* SOURCE MATERIAL:

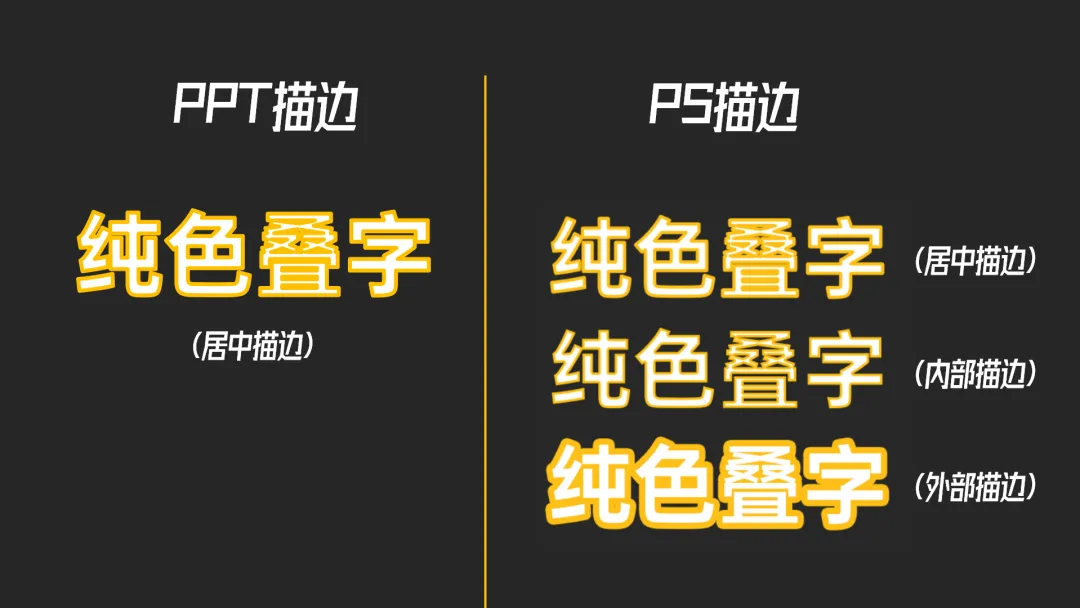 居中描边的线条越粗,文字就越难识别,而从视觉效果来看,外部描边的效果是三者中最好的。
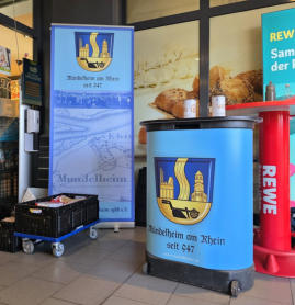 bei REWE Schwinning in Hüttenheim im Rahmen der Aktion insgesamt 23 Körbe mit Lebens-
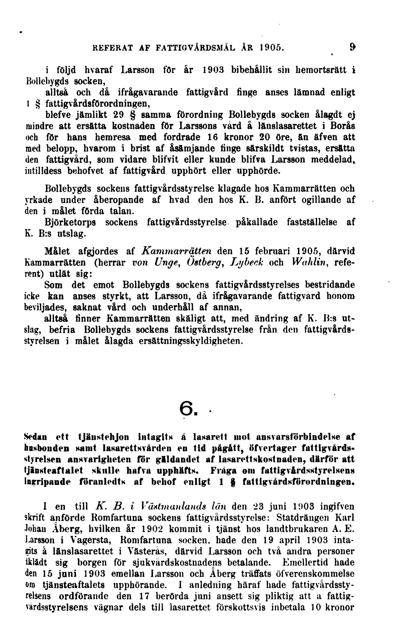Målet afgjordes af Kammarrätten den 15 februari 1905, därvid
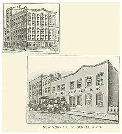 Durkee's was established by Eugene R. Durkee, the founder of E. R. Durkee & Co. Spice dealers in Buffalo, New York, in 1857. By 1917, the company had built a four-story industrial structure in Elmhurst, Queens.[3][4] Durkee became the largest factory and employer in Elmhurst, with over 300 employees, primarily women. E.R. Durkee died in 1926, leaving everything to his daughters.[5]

* YOUR TASK:
Give back an exact repeat of the lines from the top of the data through the line that holds "Målet afgjordes af", both included, and omit pictures.

* WRITTEN SOLUTION:
 居中描边的线条越粗,文字就越难识别,而从视觉效果来看,外部描边的效果是三者中最好的。
 bei REWE Schwinning in Hüttenheim im Rahmen der Aktion insgesamt 23 Körbe mit Lebens-
Målet afgjordes af Kammarrätten den 15 februari 1905, därvid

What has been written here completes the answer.